The present study demonstrates that savings could be achieved when a treatment regimen is used that reduces the occurrence of rash and can shorten the treatment duration for a larger proportion of patients. Using the regression analyses presented here, it is possible to estimate the cost impact for specific patient populations with HCV on the basis of their demographics and clinical characteristics and the attributes of the selected drug regimens [41]. The study suggests that there are potential patient management and cost-effectiveness implications associated with the attributes of the antiviral treatments that are utilized and the populations to which they are applied. Further research comparing MRU and related costs between new DAAs would provide clinicians and payers with additional information for better resource allocation, treatment selection and budgetary planning.

Below is the link to the electronic supplementary material.

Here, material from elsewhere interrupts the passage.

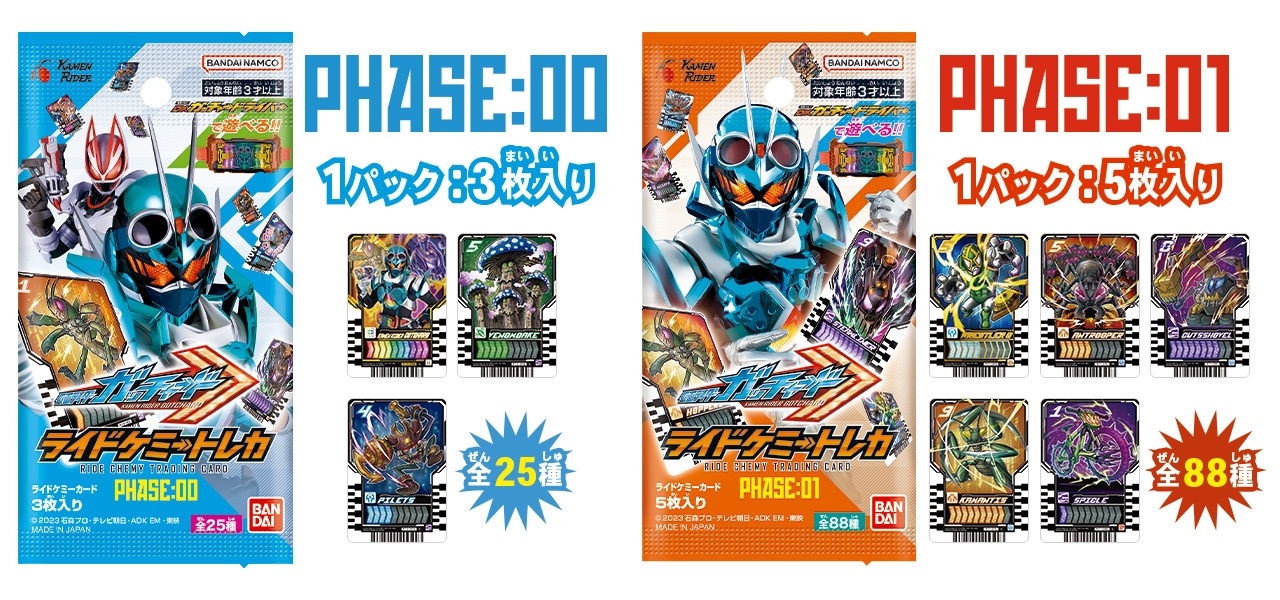 カードパック『ライドケミートレカ PHASE:01』(2023年9月2日(土)発売 220円・税10%込)は、1パック5枚入り 全88種の商品です。本商品でしか手に入れられないラインナップも含まれています。
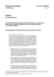 "content": "Deutscher Bundestag Drucksache 19/25610 19. Wahlperiode 23.12.2020 Antwort der Bundesregierung auf die Kleine Anfrage der Abgeordneten Martina Renner, Dr. André Hahn, Gökay Akbulut, weiterer Abgeordneter und der Fraktion DIE LINKE. – Drucksache 19/25094 – Sprengstoffbesitz und Sprengstoffeinsatz von und durch Neonazis Vorbemerkung der Fragesteller Immer wieder finden Ermittlungsbehörden bei Durchsuchungsmaßnahmen, die sich gegen Neonazis richten, Sprengstoffe, Teile zum Bau von Sprengvor- richtungen, Zünder und Zündvorrichtungen, sowie entsprechende Attrappen (vgl. https://www.hna.de/lokales/northeim/niedersachsen-goettingen-nazis-spr engstoff-bombe-anschlag-antifa-aktivist-polizei-zr-13794985.html, https://ww w.fr.de/rhein-main/hessen-grossrazzia-gegen-neonazi-szene-13354650.html, https://www.zeit.de/gesellschaft/zeitgeschehen/2020-10/rechtsterrorismus-poli zei-fund-waffen-sprengstoff-neonazi). Neben den Erkenntnissen des Kriminal- polizeilichen Meldedienstes (KPMD) werden in diesem Zusammenhang rele- vante Erkenntnisse auch vom Tatmittelmeldedienst für Spreng- und Brandvor- richtungen (TMD) beim Bundeskriminalamt (BKA) erfasst. 1. Welche Erkenntnisse hat die Bundesregierung zur Sicherstellung von Sprengstoffen bzw. zu Gegenständen, die geeignet sind, ein Sprengstoff- verbrechen zu begehen sowie zu entsprechenden Attrappen bei Neonazis und Reichsürgern oder in von Neonazis oder sog. Reichsbürgern genutz- ten Objekten und Fahrzeugen in den Jahren 2019 und 2020 (bitte nach Bundesland, Art und Menge des Sprengstoffes bzw. Art der Sprengvor- richtung, Datum der Durchsuchung, Ausgang des Ermittlungsverfahrens und Anlass der Maßnahme aufschlüsseln)? 2. Welche Erkenntnisse hat die Bundesregierung zur Sicherstellung von Zündvorrichtungen, die geeignet sind, bei Sprengstoffverbrechen einge- setzt zu werden, bei Neonazis und Reichsbürgern oder in von Neonazis oder sog. Reichsbürgern genutzten Objekten und Fahrzeugen in den Jah- ren 2019 und 2020 (bitte insbesondere Art, Herkunft, Anzahl der Zünd- vorrichtungen sowie Datum und Bundesland der Sicherstellung benen- nen)? 3. Welche Erkenntnisse hat die Bundesregierung zu den in den Jahren 2019 und 2020 aufgefundenen Sprengstoffen, Gegenständen, die geeignet sind, Sprengstoffverbrechen zu begehen, entsprechenden Attrappen und Zündern jeder Art, bei denen im Rahmen der polizeilichen Ermittlungen Die Antwort wurde namens der Bundesregierung mit Schreiben des Bundesministeriums des Innern, für Bau und Heimat vom 23. Dezember 2020 übermittelt. Die Drucksache enthält zusätzlich – in kleinerer Schrifttype – den Fragetext.",

Supplementary material 1 (DOCX 338 kb)

High body mass index, severe fibrosis, shortened treatment duration of pegylated interferon to 24 weeks, and anaemia and rash during treatment were identified as drivers of medical resource utilization-related costs of genotype 1 hepatitis C virus infection in treatment-naïve patients.

The shortened treatment duration of pegylated interferon and reduction in rash due to simeprevir treatment lead to important non-drug cost savings, compared with pegylated interferon and ribavirin treatment.

The study suggests there are potential patient management and cost-effectiveness implications associated with the choice of specific antiviral treatments.